Levou dois dias até que eu conseguisse organizar a bagunça e com a
ajuda de alguns vizinhos consertei a porta e pude me sentir mais segura. Me
oferecia para fazer qualquer serviço doméstico, até que consegui uma vaga
em um restaurante, eu não sabia como me sentir, pensava que nunca me
aceitariam por não ouvir, mas o casal me acolheu e enfim eu senti que as
coisas começaram a fluir para mim.
— Era a melhor carne de camelo da região, isso não se pode negar. –
Tamara falou para o marido enquanto eu começava a preparar o almoço que
seria servido, mas eu fiquei curiosa com o que ela disse.
— Do que estão falando? – Eu já me sentia inserida no núcleo familiar
deles, após um mês Tamara já me tratava como se eu fosse sua filha e não
como se eu fosse a empregada de seu restaurante.
— O melhor comerciante de carne de camelo da região vendeu os
camelos e acabou com o negócio. – Eu soltei a faca antes que me
machucasse com ela. — Acho justo, depois de tudo que ele fez. –
Prosseguiu. — Ninguém iria querer negociar com um criminoso.

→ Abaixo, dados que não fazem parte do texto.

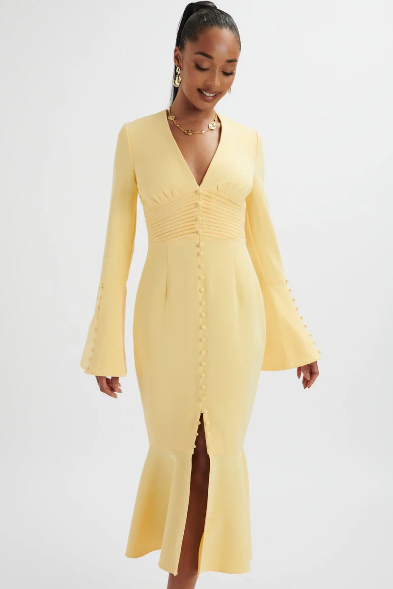 This Salma midi dress is crafted from premium crepe in a soft pastel yellow shade. Designed with a fit and flare silhouette and fishtail hem, the dress flatters the figure with a pleated waistband, under bust gathers, and waist darts. Delicate micro button detailing with fit and flute sleeves add a touch of elegance. Perfect for wedding guest dressing or Ladies Day.

— São só boatos. – Abdullah repreendeu a esposa, e eu sentia que
precisava me sentar, sabia que eles só podiam estar falando de uma pessoa,
e mesmo que Hakim me tivesse jogado ao vento, eu fiquei nervosa e
preocupada. O que teria acontecido?
— Não é nisso que todos em M’hamid acreditam, ele devia ser preso. –
Meu coração saltava e minha garganta se fechou. — Podemos perder nossos
clientes por recebê-lo aqui.
Nesse instante meu coração parou e eu olhei para a porta da cozinha que
levava ao salão onde ficava o restaurante. Ele estava ali? Foi isso que ela
disse?
Engoli seco, sem saber como lidar com aquilo, M’hamid não era uma
cidade imensa como as outras tantas, mas eu sabia que podia viver ali sem
que soubessem da minha existência, no entanto, parecia que agora, isso era
impossível. — Zara, você está bem? – Tamara segurou meu ombro para me
olhar bem e que eu pudesse ler o que dizia.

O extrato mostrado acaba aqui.